§ **WORK ITEM**
Omit the pictures, then reproduce every remaining record exactly.

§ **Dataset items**

┌──

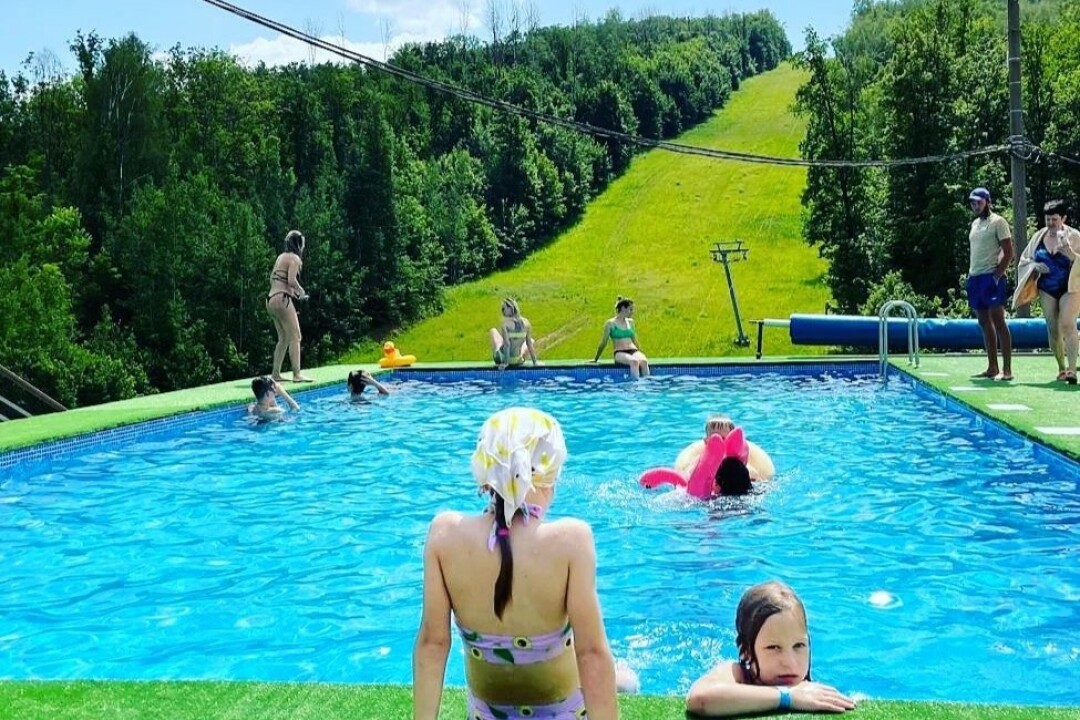 Если сейчас позвать друзей купаться на «СОК», никому и в голову не придет, что ты имеешь в виду не речку, а горнолыжный комплекс, который раньше работал только зимой. В 2023 году владельцы смекнули, что горы актуальны круглый год, и соорудили большую аквазону у подножия. Большой бассейн для взрослых и лягушатник для детей, шезлонги, бесплатные полотенца и активные игры: от дартс и пинг-понга до волейбола и футбола. А по выходным здесь работают диджеи, так что, если бы не удаленность от берега, «СОК» мог бы посоревноваться с лучшими пляжами Средиземноморья.
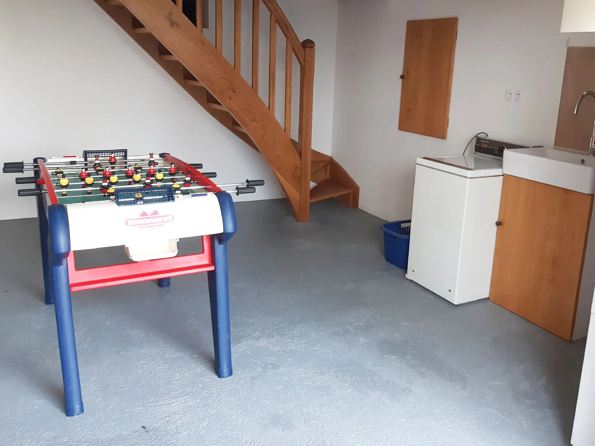 – Vous trouverez au sous-sol un coin buanderie avec une machine à laver le linge et un espace jeux (table de ping-pong et baby-foot). Vous pourrez également y ranger vos vélos et autres affaires de sport.
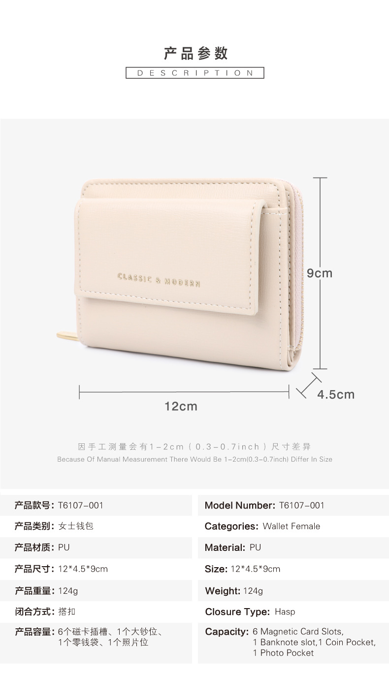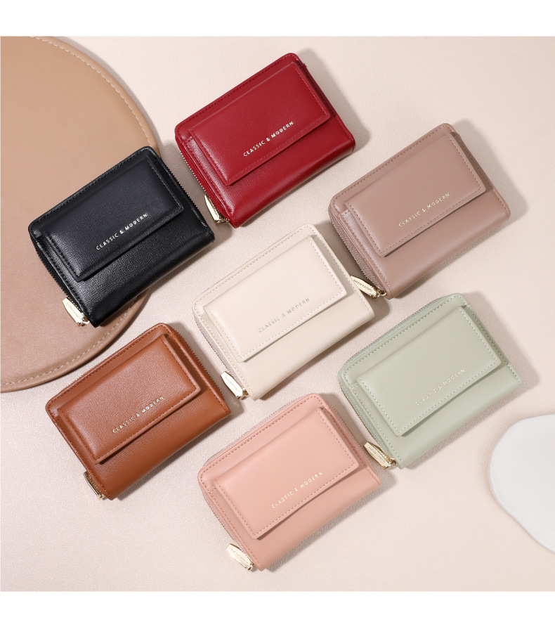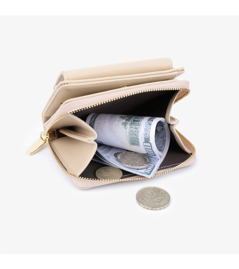 Bolso para tarjetas de franela de estilo caliente del sudeste asiático Monedero de tres pliegues de sentido premium Monedero de mujer multifuncional de gran capacidad
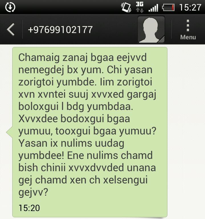Суудал нь өнцөгдсөн сайд гэвэл энэ эрхмийг хэлчихэд буруудахгүй байх. Сайдын суудалд суусан уу, үгүй юу л хэл аманд өртөж хэд хэдэн удаа заналхийлсэн захиа бас мессеж хүлээж аваад байгаа. Түүнд “send” хийсэн эрхмүүд ч дуу дуугаа аван баригдах болсон. Хамгийн сүүлд л гэхэд эмнэлэгт нь ч бүү мэд, шоронд нь ч бүү мэд байгаа экс Ерөнхийлөгчийн эхнэр О.Цолмон түүнтэй чатласан. Энэ талаар ч эрхэм сайдтан “Соёлтойгоор заналхийлэх юм даа” гээд мессежээ нийтэд дэлгэж орхисон нь энэ.
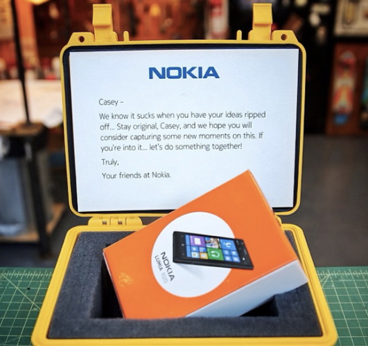 Nokia не оставила без внимания инцидент, который случился между американской корпорацией Apple и известным клипмейкером Кейси Нейстэтом (Casey Neistat). Дело в том, что Кейси снял рекламный видеоролик об очередях за новыми iPhone 5S и 5С, который Apple в последствие перемонтировала и, удалив все указания на автора, выдала видеоклип как свой собственный. Узнав об этом, финны направили Кейси Нейстэту «утешительный презент» в виде новенького смартфона Nokia Lumia 1020. К подарку прилагалась записка: «Кейси, мы знаем как паршиво бывает когда крадут твои идеи и мы надеемся, что ты решишь запечатлеть новые мгновения с помощью этого. Давай сделаем что-то вместе! Твои друзья из Nokia». Ирония компании очевидна. Реакция самого Кейси Нейстэта пока неизвестна.
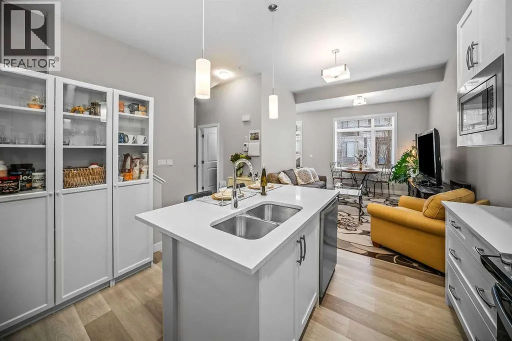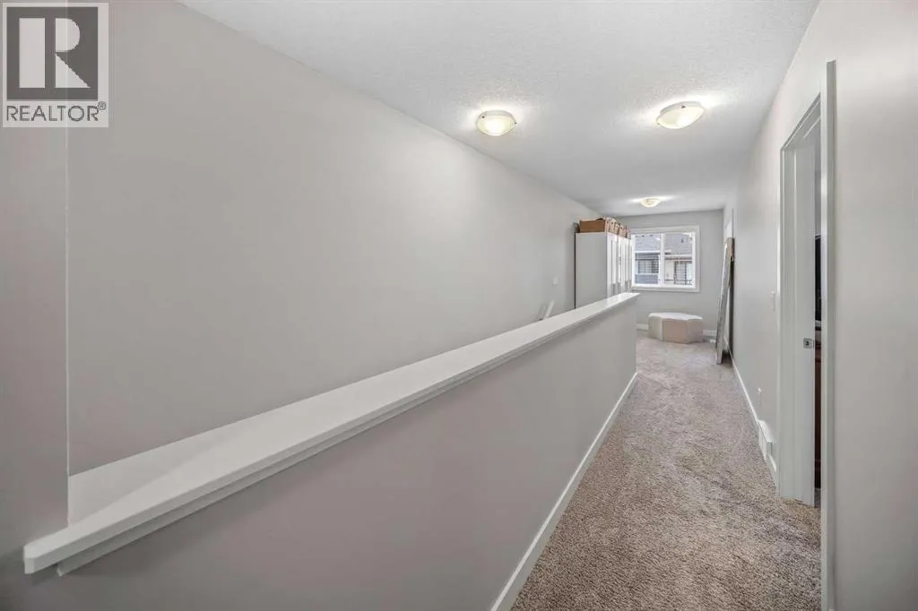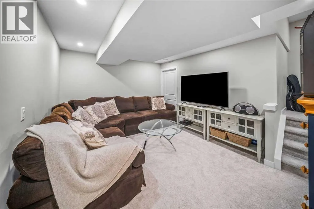 is thoughtfully designed with a fully finished basement and the comfort of A/C. Complete with a finished double attached garage, it offers the space of a detached house with the ease of condo living .Boasting 2,023 sq. ft. of thoughtfully designed living space, this beauty welcomes you with an inviting foyer, and an open-concept main floor that is ideal for both entertaining and everyday living, seamlessly connecting the living and dining areas to create a warm and functional gathering space.The well-appointed kitchen showcases a large quartz island and countertops, soft-close cabinetry with abundant storage, a built-in microwave, Bosch dishwasher, fridge with waterline and an electric stove (there is a gas line for a future upgrade to gas stove)—perfect for both casual meals and hosting guests. A gas line for BBQ is also located just outside the front door. A conveniently located half bath and direct access to the double attached garage along with a utility closet and shoe closet complete the main level. Upstairs, a bright and versatile nook for a home office or sitting area complements the wide hallways. The spacious primary bedroom comfortably accommodates a king-sized bed and features a private covered balcony with mountain views, a walk-in closet, and a 4 piece ensuite with dual quartz vanities. This level also includes a dedicated laundry room, a full 4-piece bathroom, and two additional bedrooms, each offering walk-in closets and large windows that fill the space with natural light.The fully developed lower level is ideal for a growing family or accommodating guests, offering a large recreation area with ample storage, a spacious fourth bedroom with built-in features in the walk-in closet, and a 4-piece bathroom with in-floor heating.Residents of Crestmont enjoy convenient access to an array of amenities, including nearby shopping at the Calgary Farmers’ Market West, Calgary Climbing Centre, COP, Valley Ridge Golf course, outdoor recreation along the Bow River pathways, and proximity to destinations such as Canmore and Banff. The community itself offers a variety of exclusive amenities, including parks, playgrounds, walking and biking paths, a spray park, and Crestmont Hall. (id:64429)
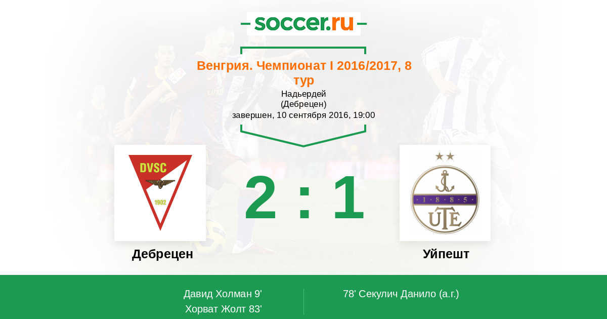 Дебрецен - Уйпешт: обзор матча 10 сентября 2016
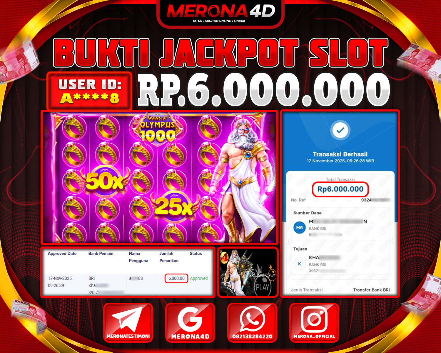 Selamat Kepada Member MERONA4D L****1 Telah Jackpot Di GATES OF OLYMPUS 1000
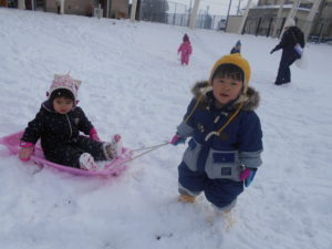 雪を見た子ども達は朝から元気いっぱいに登園してきました。
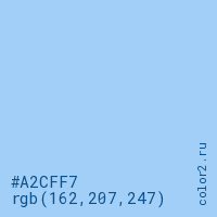 Цвет #A2CFF7 в цветовой модели RGB обозначается тремя октетами (162, 207, 247) в десятичном формате и #A2CFF7 в шестнадцатиричном (hex) формате, которые являются интенсивностью красного 162 (hex A2), интенсивность зелёного 207 (hex CF) и интенсивность синего 247 (hex F7).
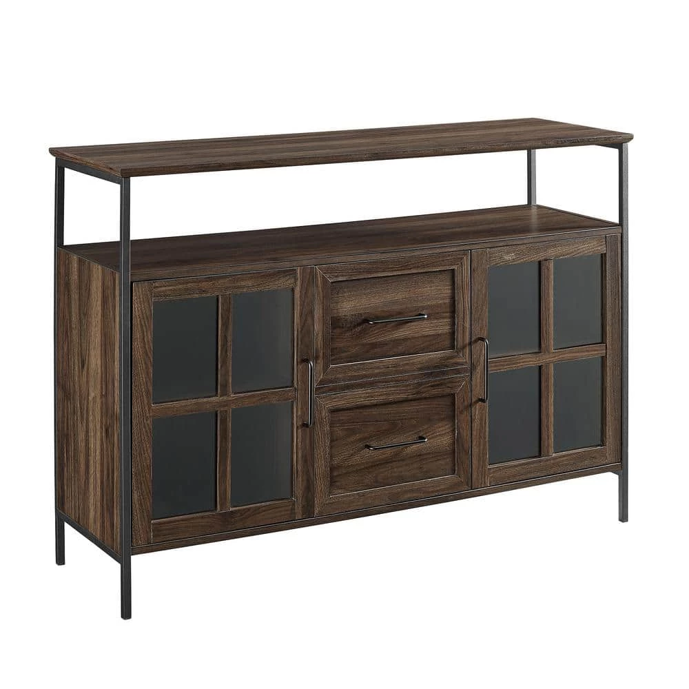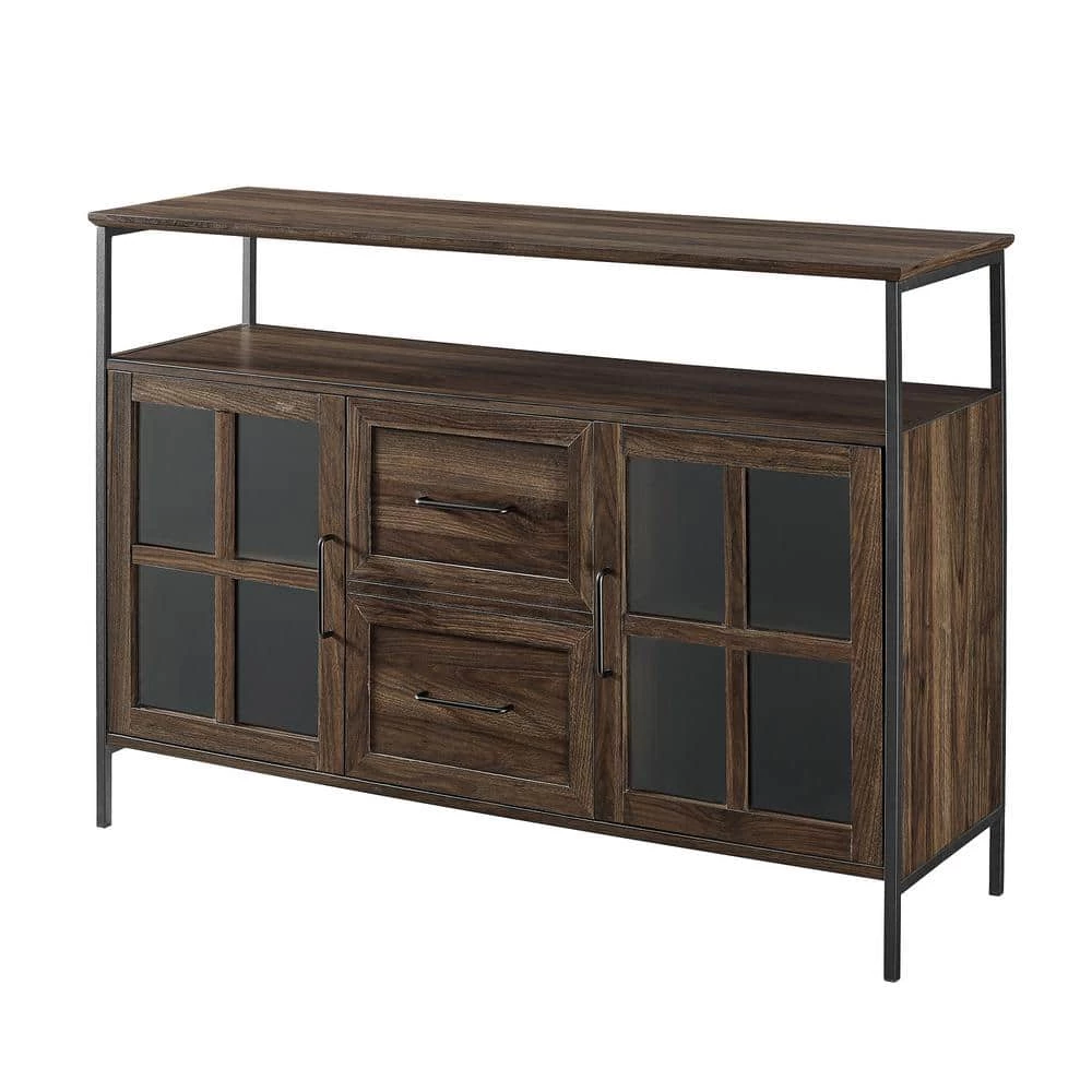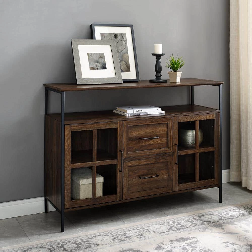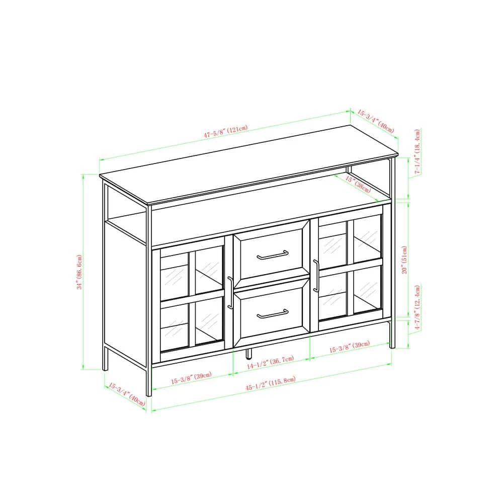Open up your design possibilities with this three-door metal and wood buffet. The subtle mix of materials in this sideboard create an industrial and gender-neutral look that can be used in a variety of rooms. There are three doors with soft close hinges on the bottom of the unit, two of which feature a classic fretwork design on tempered glass, while the door in the middle has a faux drawer faade. Behind the doors are adjustable shelves. The open section between the lower half of the unit and the top shelf also makes this piece functional as an entertainment center where it can accommodate TVs up to 52 in.
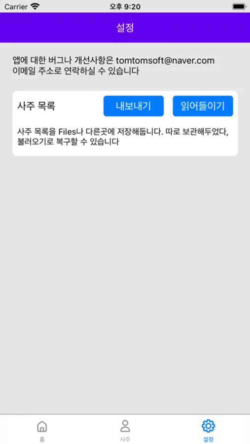 사주리스트 따로 보관해두기와 가져오기를 지원하여, 폰 분실이나 앱 삭제후에도
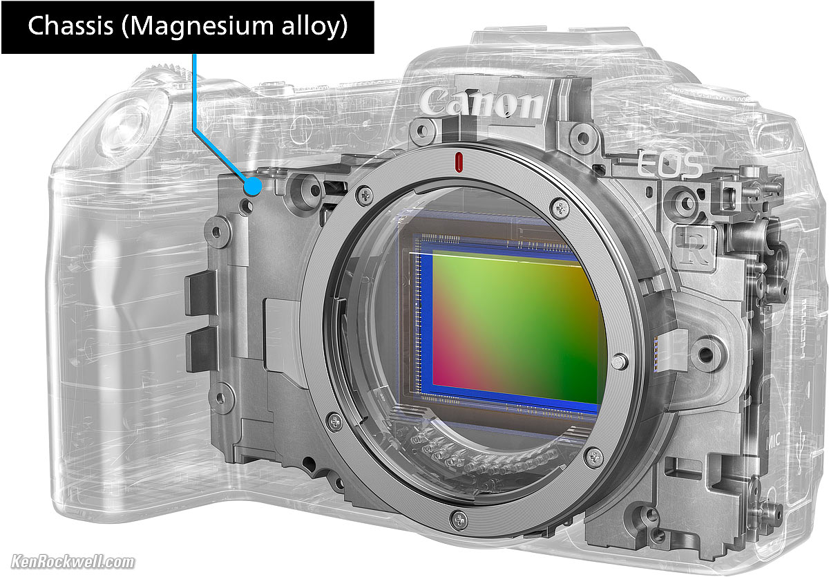 BodyCanon EOS RP. bigger. Metal inner core, frame and lens mount with plastic external parts.

└──

§ **TASK RESULT**
 Если сейчас позвать друзей купаться на «СОК», никому и в голову не придет, что ты имеешь в виду не речку, а горнолыжный комплекс, который раньше работал только зимой. В 2023 году владельцы смекнули, что горы актуальны круглый год, и соорудили большую аквазону у подножия. Большой бассейн для взрослых и лягушатник для детей, шезлонги, бесплатные полотенца и активные игры: от дартс и пинг-понга до волейбола и футбола. А по выходным здесь работают диджеи, так что, если бы не удаленность от берега, «СОК» мог бы посоревноваться с лучшими пляжами Средиземноморья.
 – Vous trouverez au sous-sol un coin buanderie avec une machine à laver le linge et un espace jeux (table de ping-pong et baby-foot). Vous pourrez également y ranger vos vélos et autres affaires de sport.
 Bolso para tarjetas de franela de estilo caliente del sudeste asiático Monedero de tres pliegues de sentido premium Monedero de mujer multifuncional de gran capacidad
Суудал нь өнцөгдсөн сайд гэвэл энэ эрхмийг хэлчихэд буруудахгүй байх. Сайдын суудалд суусан уу, үгүй юу л хэл аманд өртөж хэд хэдэн удаа заналхийлсэн захиа бас мессеж хүлээж аваад байгаа. Түүнд “send” хийсэн эрхмүүд ч дуу дуугаа аван баригдах болсон. Хамгийн сүүлд л гэхэд эмнэлэгт нь ч бүү мэд, шоронд нь ч бүү мэд байгаа экс Ерөнхийлөгчийн эхнэр О.Цолмон түүнтэй чатласан. Энэ талаар ч эрхэм сайдтан “Соёлтойгоор заналхийлэх юм даа” гээд мессежээ нийтэд дэлгэж орхисон нь энэ.
 Nokia не оставила без внимания инцидент, который случился между американской корпорацией Apple и известным клипмейкером Кейси Нейстэтом (Casey Neistat). Дело в том, что Кейси снял рекламный видеоролик об очередях за новыми iPhone 5S и 5С, который Apple в последствие перемонтировала и, удалив все указания на автора, выдала видеоклип как свой собственный. Узнав об этом, финны направили Кейси Нейстэту «утешительный презент» в виде новенького смартфона Nokia Lumia 1020. К подарку прилагалась записка: «Кейси, мы знаем как паршиво бывает когда крадут твои идеи и мы надеемся, что ты решишь запечатлеть новые мгновения с помощью этого. Давай сделаем что-то вместе! Твои друзья из Nokia». Ирония компании очевидна. Реакция самого Кейси Нейстэта пока неизвестна.
 is thoughtfully designed with a fully finished basement and the comfort of A/C. Complete with a finished double attached garage, it offers the space of a detached house with the ease of condo living .Boasting 2,023 sq. ft. of thoughtfully designed living space, this beauty welcomes you with an inviting foyer, and an open-concept main floor that is ideal for both entertaining and everyday living, seamlessly connecting the living and dining areas to create a warm and functional gathering space.The well-appointed kitchen showcases a large quartz island and countertops, soft-close cabinetry with abundant storage, a built-in microwave, Bosch dishwasher, fridge with waterline and an electric stove (there is a gas line for a future upgrade to gas stove)—perfect for both casual meals and hosting guests. A gas line for BBQ is also located just outside the front door. A conveniently located half bath and direct access to the double attached garage along with a utility closet and shoe closet complete the main level. Upstairs, a bright and versatile nook for a home office or sitting area complements the wide hallways. The spacious primary bedroom comfortably accommodates a king-sized bed and features a private covered balcony with mountain views, a walk-in closet, and a 4 piece ensuite with dual quartz vanities. This level also includes a dedicated laundry room, a full 4-piece bathroom, and two additional bedrooms, each offering walk-in closets and large windows that fill the space with natural light.The fully developed lower level is ideal for a growing family or accommodating guests, offering a large recreation area with ample storage, a spacious fourth bedroom with built-in features in the walk-in closet, and a 4-piece bathroom with in-floor heating.Residents of Crestmont enjoy convenient access to an array of amenities, including nearby shopping at the Calgary Farmers’ Market West, Calgary Climbing Centre, COP, Valley Ridge Golf course, outdoor recreation along the Bow River pathways, and proximity to destinations such as Canmore and Banff. The community itself offers a variety of exclusive amenities, including parks, playgrounds, walking and biking paths, a spray park, and Crestmont Hall. (id:64429)
 Дебрецен - Уйпешт: обзор матча 10 сентября 2016
 Selamat Kepada Member MERONA4D L****1 Telah Jackpot Di GATES OF OLYMPUS 1000
 雪を見た子ども達は朝から元気いっぱいに登園してきました。
 Цвет #A2CFF7 в цветовой модели RGB обозначается тремя октетами (162, 207, 247) в десятичном формате и #A2CFF7 в шестнадцатиричном (hex) формате, которые являются интенсивностью красного 162 (hex A2), интенсивность зелёного 207 (hex CF) и интенсивность синего 247 (hex F7).
Open up your design possibilities with this three-door metal and wood buffet. The subtle mix of materials in this sideboard create an industrial and gender-neutral look that can be used in a variety of rooms. There are three doors with soft close hinges on the bottom of the unit, two of which feature a classic fretwork design on tempered glass, while the door in the middle has a faux drawer faade. Behind the doors are adjustable shelves. The open section between the lower half of the unit and the top shelf also makes this piece functional as an entertainment center where it can accommodate TVs up to 52 in.
 사주리스트 따로 보관해두기와 가져오기를 지원하여, 폰 분실이나 앱 삭제후에도
 BodyCanon EOS RP. bigger. Metal inner core, frame and lens mount with plastic external parts.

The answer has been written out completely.